For 3 1/2 years, Christ preached the Gospel as He conducted His ministry on Earth. Ever since then, He has spread the Gospel through His churches, whether that be through churches sponsoring missionaries, or whether that be through church members evangelizing the lost themselves.

Furthermore, the Lord sowed the Gospel seed indiscriminately. Seed was sown on good ground, thorny ground, stony ground, and by the wayside. Everyone got a chance to hear the Gospel. Likewise, the Gospel is being spread to all parts of the world today.

Seeing Christ as our example, and following the commands of scripture, we too should sow the seed of the Gospel. As the sower sowed the seed throughout the entire field, good ground or not, we, too, are to spread the Gospel to all people. We are to preach the word to everyone, not just those we deem worthy. We are to preach the word to everyone, whether they are receptive, would make good church members, or whether they wouldn’t. This is what the Lord commanded in Mark 16:15, when He said, “Go ye into all the world and preach the Gospel to every creature.”

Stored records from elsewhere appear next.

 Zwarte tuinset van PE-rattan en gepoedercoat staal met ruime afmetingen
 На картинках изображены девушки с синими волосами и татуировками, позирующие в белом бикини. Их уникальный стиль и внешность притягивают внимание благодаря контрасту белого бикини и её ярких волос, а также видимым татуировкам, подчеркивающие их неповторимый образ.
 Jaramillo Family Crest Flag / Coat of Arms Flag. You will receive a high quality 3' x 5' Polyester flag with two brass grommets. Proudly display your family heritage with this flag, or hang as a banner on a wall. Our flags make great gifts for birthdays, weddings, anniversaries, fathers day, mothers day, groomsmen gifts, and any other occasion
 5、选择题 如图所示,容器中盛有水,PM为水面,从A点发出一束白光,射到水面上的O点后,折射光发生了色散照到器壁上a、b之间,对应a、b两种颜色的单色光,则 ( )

And as we preach, we should remember that we are not responsible for their reaction. Throughout this parable, you see the varied reactions to the Gospel. Some discard the truth as soon as they hear it, some are too distracted by the things of this world, some really dig the religion for a while, but never allow the Gospel to take root in their heart, and others fully receive it. We should not be surprised or discouraged by the rejection, and we should celebrate those whose lives are changed by the Gospel. However, we should never limit our efforts because we don’t feel that the soil is primed for planting, so to speak.

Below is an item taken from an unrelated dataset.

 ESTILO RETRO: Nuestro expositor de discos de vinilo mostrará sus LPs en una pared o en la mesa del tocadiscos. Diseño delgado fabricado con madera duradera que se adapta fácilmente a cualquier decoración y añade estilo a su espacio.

In the Parable of the Sower, the Lord showed us the different reactions the world has toward the Gospel so that we would understand what to expect as we spread the word. However, the Lord also gave us the Parable of the Sower so that we could examine our own hearts, and see whether we are ones who discard the Gospel, who are too distracted by the things of this world to allow it to take root, or whether our faith is superficial. The way we make this determination is to examine the fruit in our lives. Has the Gospel changed you?

That is an extremely important question, “Has the Gospel changed you?” Keep pondering that question and look within yourself for the fruits of that change. Meanwhile, we will continue our study into the parables of Christ over the next few weeks.